BBC Urdu's new series to examine US post 9/11

BBC Urdu's new series to examine US post 9/11

LONDON: BBC Urdu is launching a 10-part weekly series Uncle Sam ka Des (The Land of Uncle Sam) starting on 10 August 2003. The main focus of the series is to take a closer look at how the United States has changed in the two years since 9/11.
The show looks at how Pakistani immigrants from rich professionals in Houston to struggling taxi drivers of New York - feel about their adopted country and how they are coping with the new realities.
The series looks at the US' history with special reference to native Americans, issues of race and poverty and the apparent growing influence of religion in American society. Interviews for the series were conducted over a three week period in June 2003 in Boston, New York, Washington DC, Phoenix and Houston.
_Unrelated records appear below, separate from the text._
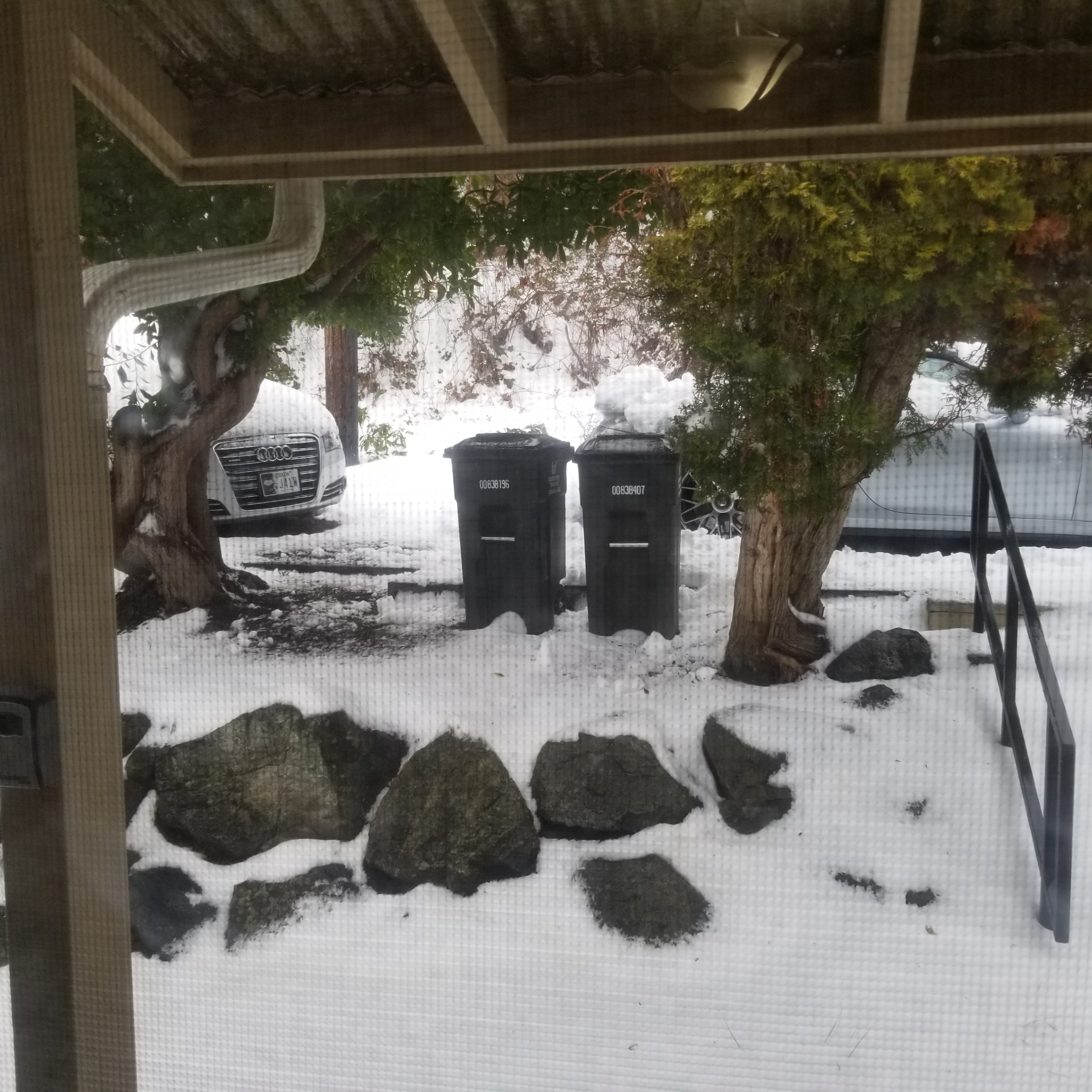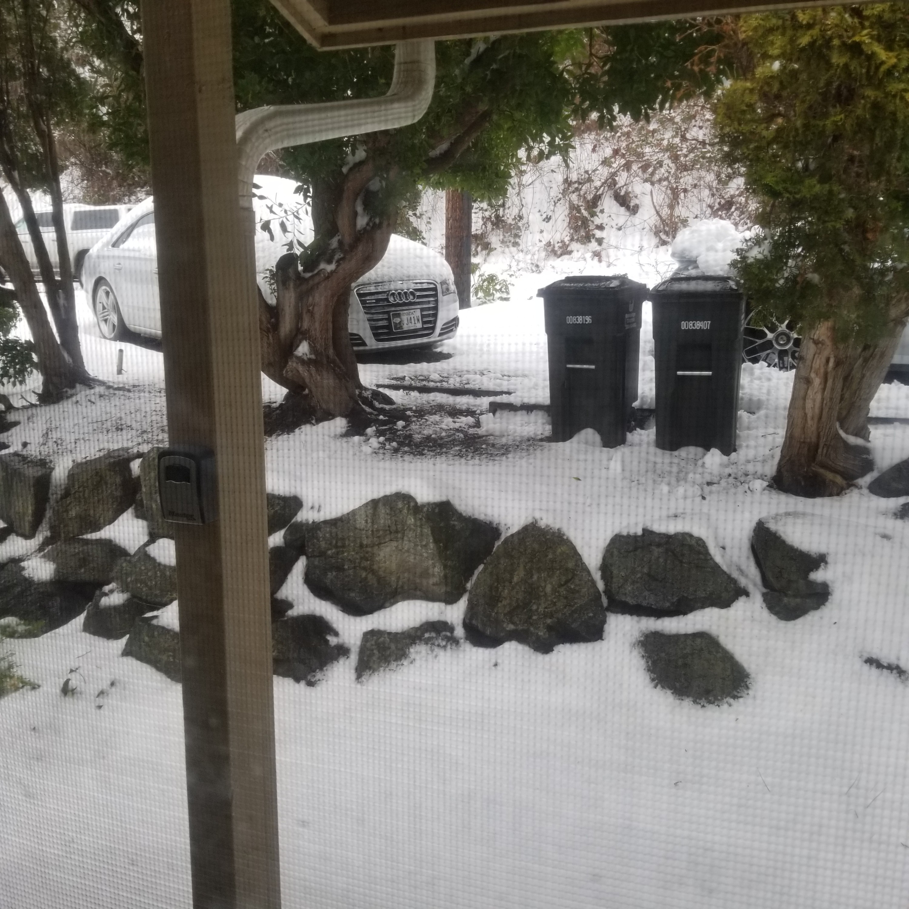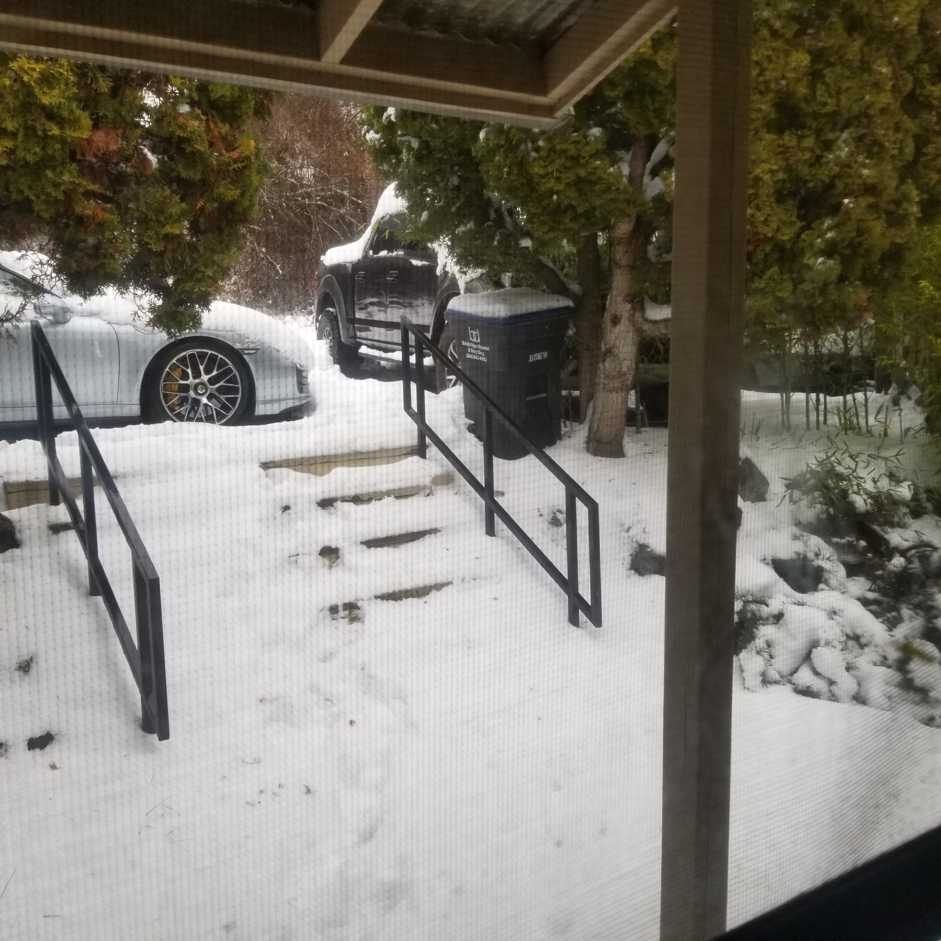 Well it’s been snowing for 3 days. Probably have gotten a foot. Our house is on the side of a hill so our parking is elevated. This particular house doesn’t have a garage, but, fortunately we have lots of parking. In plus, it’s shielded from the street (the house and parking).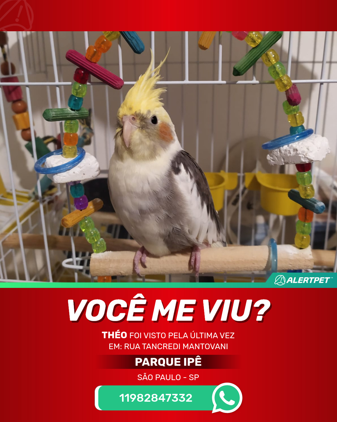 #AlertPet #Procurase #PassaroDesaparecido #SaoPaulo #ProcuramosTheo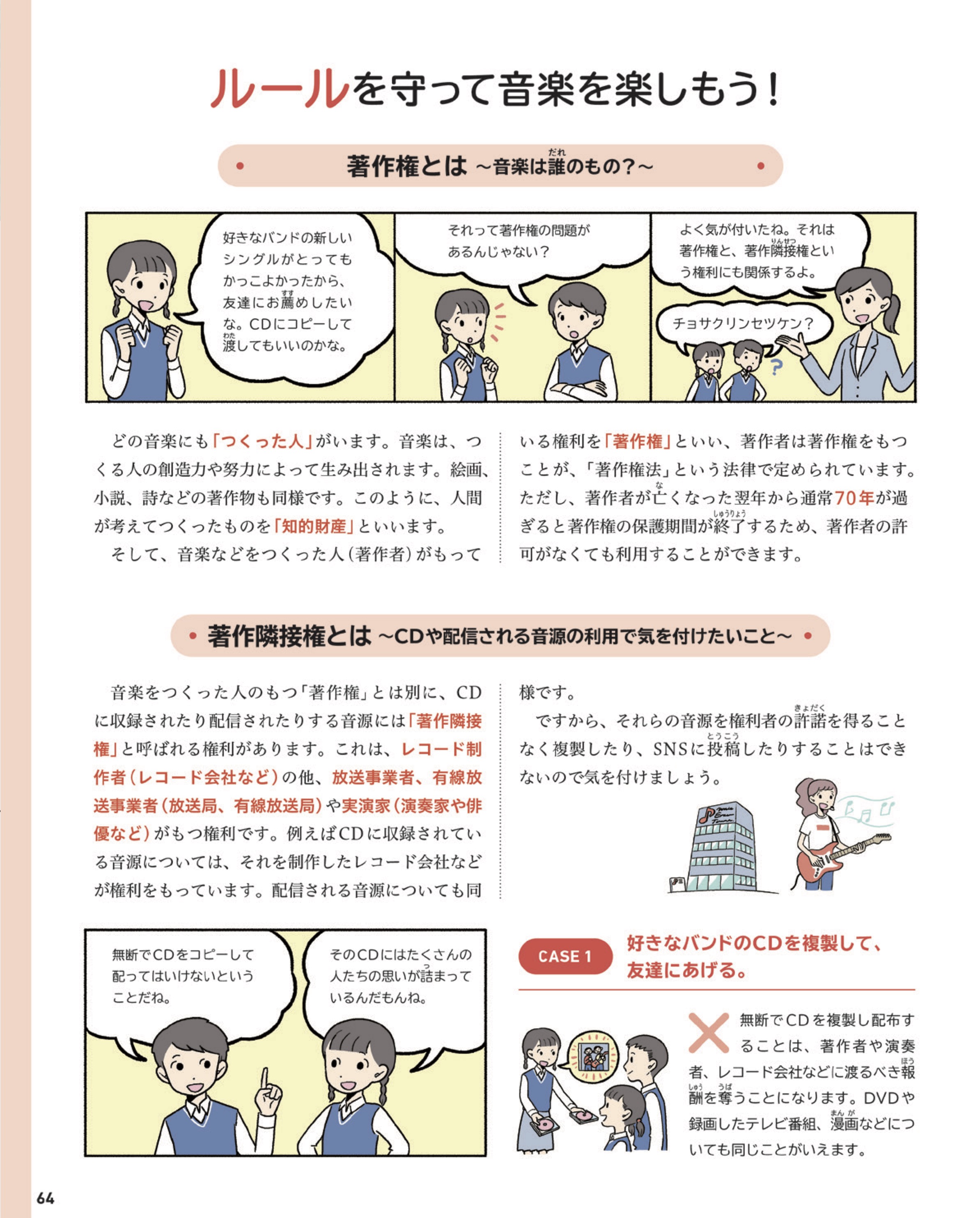 音楽に関する知的財産権について、生徒に身近な話題を例に、漫画を交えて親しみやすく解説しました。作品や著作者の創造性を尊重する態度の形成を図り、そのことが音楽文化の継承、発展、創造を支えていることへの理解を促します。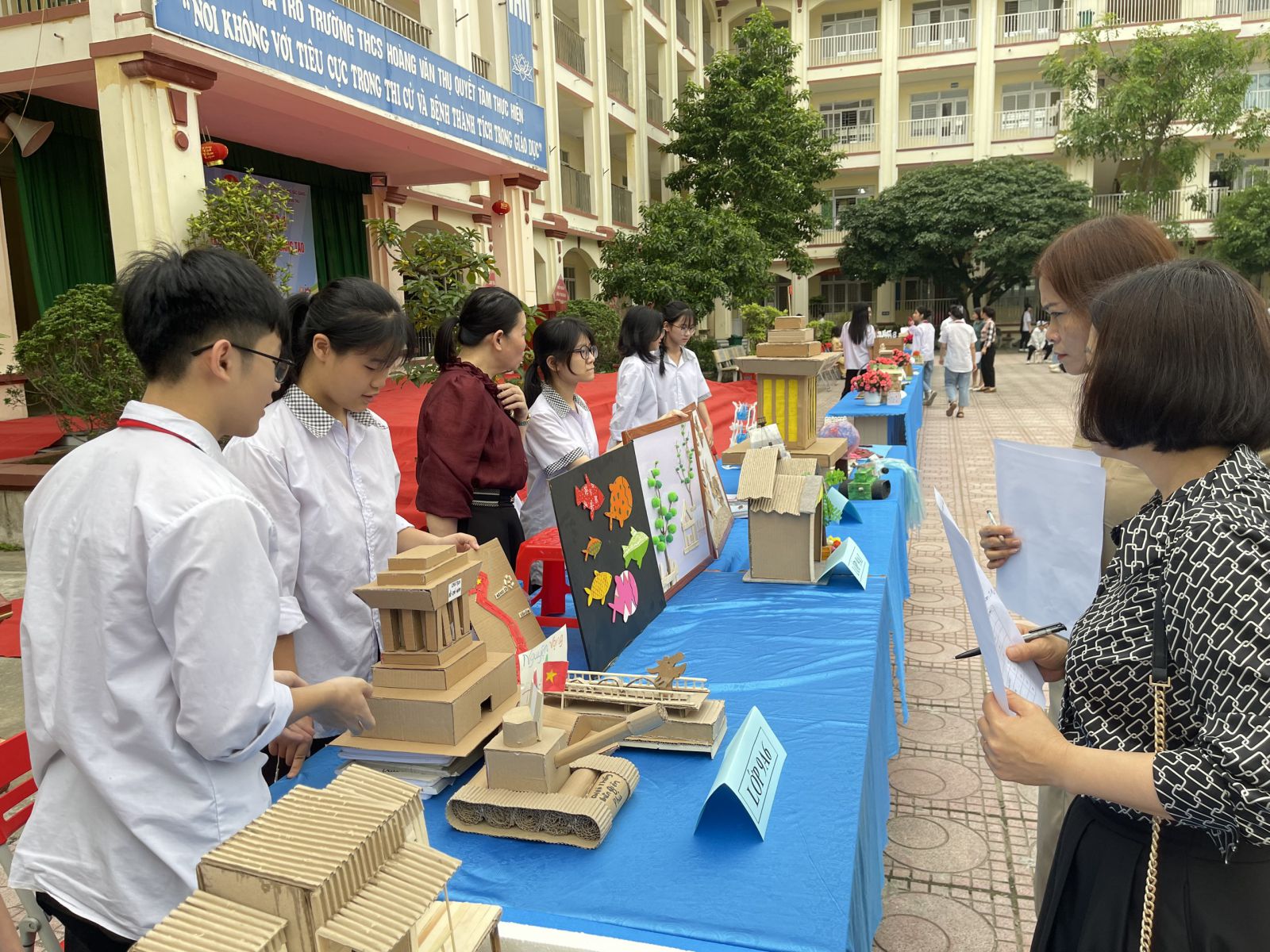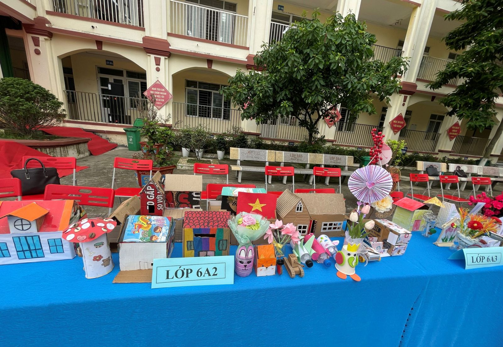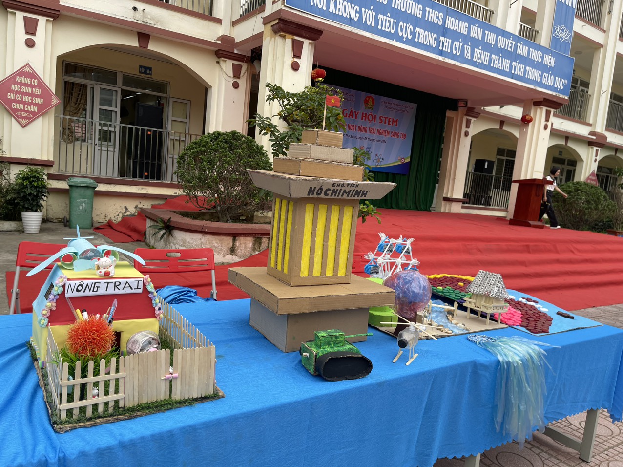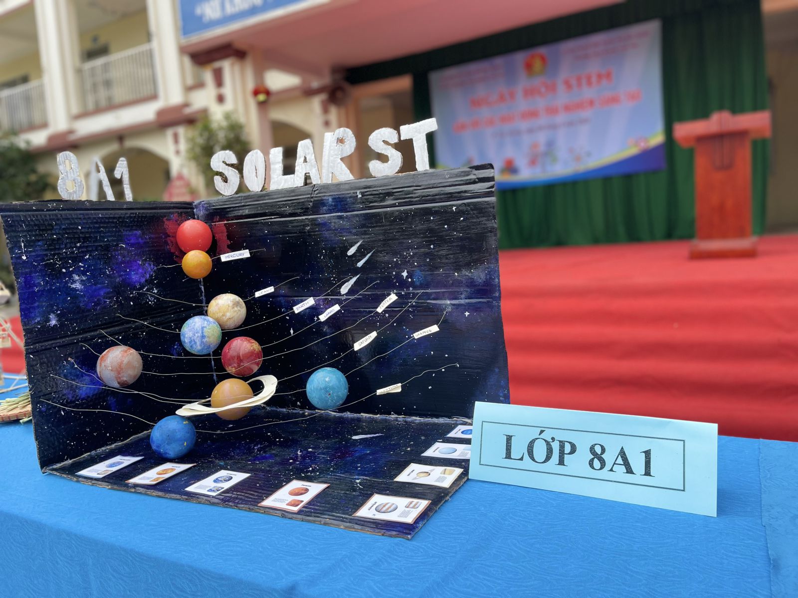 Tham gia ngày hội Stem các em học sinh của nhà trường đã lên ý tưởng và thực hiện dự án với nhiều sản phẩm để trưng bày, những dự án này các học sinh nghiên cứu, chế tạo trên cơ sở vận dụng các kiến thức tích hợp STEM bao gồm: Các loại công cụ, dụng cụ, máy móc, thiết bị, mô hình, phục vụ trong lớp học, trường học. Các thí nghiệm minh họa cho tiết học, mô phỏng các hiện tượng thiên nhiên, mô hình hóa thiết bị, máy móc… Các mô hình sản phẩm trưng bày sử dụng nguyên vật liệu tái chế, đã qua sử dụng, rẻ tiền, thân thiện với môi trường. Các sản phẩm đều có giải pháp khả thi, giải quyết các vấn đề sáng tạo trong lớp học, trường học, gia đình và xã hội. Nhằm mục đích nâng cao chất lượng dạy - học theo hướng phát triển phẩm chất, năng lực học sinh.

Most of the Pakistanis interviewed said they had been investigated by the FBI at some point. Physicist and former consultant at NASA's Johnson Space Center Dr Bashir Ahmed Saeed said, "They showed up at my office one day and asked questions for 90 minutes on nuclear technology and my views on Al-Qaeda." Interestingly he is a green card holder and has been living in the US for over 30 years.
Therefore it is not surprising to note that many economic migrants, living mostly in the New York area, complained of worse treatment. One of them claims that earlier this year, FBI agents broke into the houses of a number of suspected illegal immigrants.
In the series it also comes out that thousands of people were detained and then denied access to their lawyers. Many have either been deported or had to be released after months of unlawful detention because the authorities could not find anything against them.
Pakistan's Honorary Counsel General in Boston for 27 years Barry Hoffman noted that, "America has always been a country of immigrants who came here for freedom, liberty and a better future," remarked Barry Hoffman. But the way present administration has targeted a particular group of immigrants in the name of homeland security, that's going too far. It's un-American!"
Responding to allegations of an anti-Muslim bias, US officials point out that those who carried out the 9/11 attacks did slip through the immigration network, came from a particular region and claimed to be acting in the name of a particular religion.